Bir kafe-barda neşeli iki arkadaş fıçı biralarını içip sohbet ediyor. Özellikle kız şeker mi şeker... Onlara da “Enflasyon sizi nasıl etkiliyor?” diye soruyorum. Tam da adamına sormuşum! “Vallahi enflasyon beni bugün işsiz bıraktı” diyor 26 yaşındaki Aydın Üniversitesi Aşçılık Bölümü mezunu Arda Taftalı. Karaköy’de bir restoranda çalışıyormuş. “İşten mi çıkartıldım, ben mi çıktım, tam anlayamadım. Günde 11 saat çalışıyor, 7.500 TL maaş alıyordum. Yeniden iş peşinde koşacağım artık” diyor. Ama iş bulsa bile iyi bir yaşam standardı olmayacağından emin Arda, “Özellikle son altı aydır işler öyle bir rayından çıktı ki!.. Eskiden iş çıkışı gider bir yerde oturur bir bira içerdim. Aylardır onu bile yapamıyorum. Üstelik ailemle yaşıyorum” diyor.
“İçkideki verginin mürekkebi hala damağımda!..”
Arkadaşı 27 yaşındaki Aslıhan Akhan da Haliç Üniversitesi Aşçılık Bölümü mezunu... Sözü, Arda’nın bıraktığı yerden alıyor. “Bir bardak çay olmuş 15 lira. Çaya 15 lira vereceğime biraya 45 lira veririm daha iyi. Bari bir saatliğine bile olsa hayat pahalılığını unuturum” diyor gülerek. Hızını alamıyor, “İki gün önce bir mekana gittim. Kokteyl 160 liraydı. Dün akşam aynı yere gittim, 200 lira olmuş” diye devam ediyor.

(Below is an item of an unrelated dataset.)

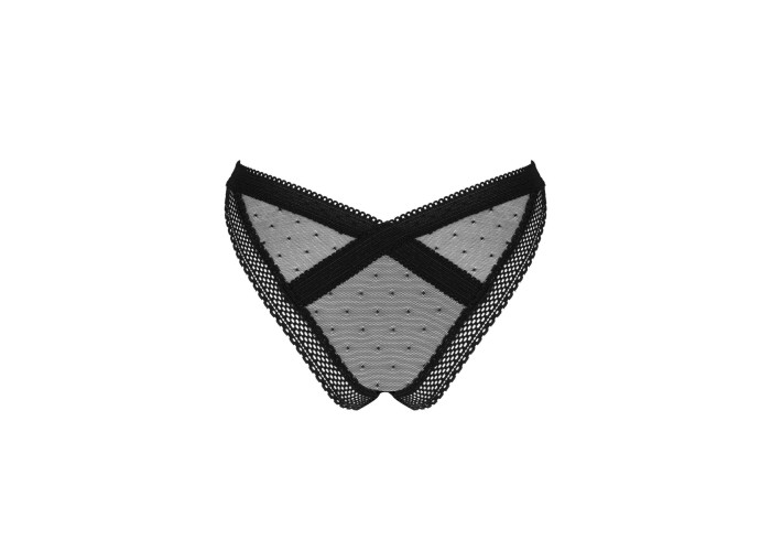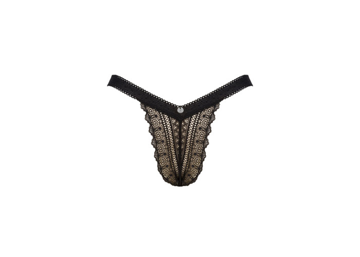 Мереживні трусики із заниженою талією Obsessive Estiqua panties виконані з м’якого матеріалу з мереживним малюнком. Еластична, приємна до тіла резинка трусиків не передавлює і не натирає ніжну шкіру. Трусики скроєні та пошиті таким чином, щоб підкреслити всі спокусливі вигини та заворожити недомовленістю. Стрункі ніжки і прикриті сідниці, приваблива і приваблива западинка пупка — ці трусики створені, щоб спокушати і дражнити, спалахувати і спопеляти в важкій еротичній грі. Прикраса на трусиках у вигляді медальйончика з фірмовим логотипом — як натяк на шлях до головного коштовності цього вечора.

“Biliyorsun, içkilerdeki vergi oranı çok yüksek” der demez, “Bilmez miyim, verginin mürekkebi hâlâ damağımda” diyor kahkaha atarak, hepimizi güldürüyor.
Aslıhan da 7.500 TL maaş alıyormuş. Ailesiyle yaşıyor, maaşını tek başına harcıyor. Ailesine destek vermiyor ama ay ortası gelmeden onlardan destek peşine düşüyor! Aslıhan gördüğüm en neşeli gençlerden biri... Bir o kadar da güzel. Fotoğrafını görmenizi çok isterdim ama ne dersem diyeyim ikna edemedim. İki arkadaşı baş başa bırakıp aynı mekanda başka bir masaya yanaşıyorum. 20’li yaşlarının ortalarındaki bir gence “Enflasyon” der demez ben, “İlk fırsatta bu ülkeden kaçacağım. En uzağa, en özgürüne... Mümkünse Kanada’ya” oluyor cevabı. İsmini vermiyor, öyle çok muhabbet etmeye de niyetli değil. Fena da içmemiş gibi, şimdiden Kanada’ya uçtu bile!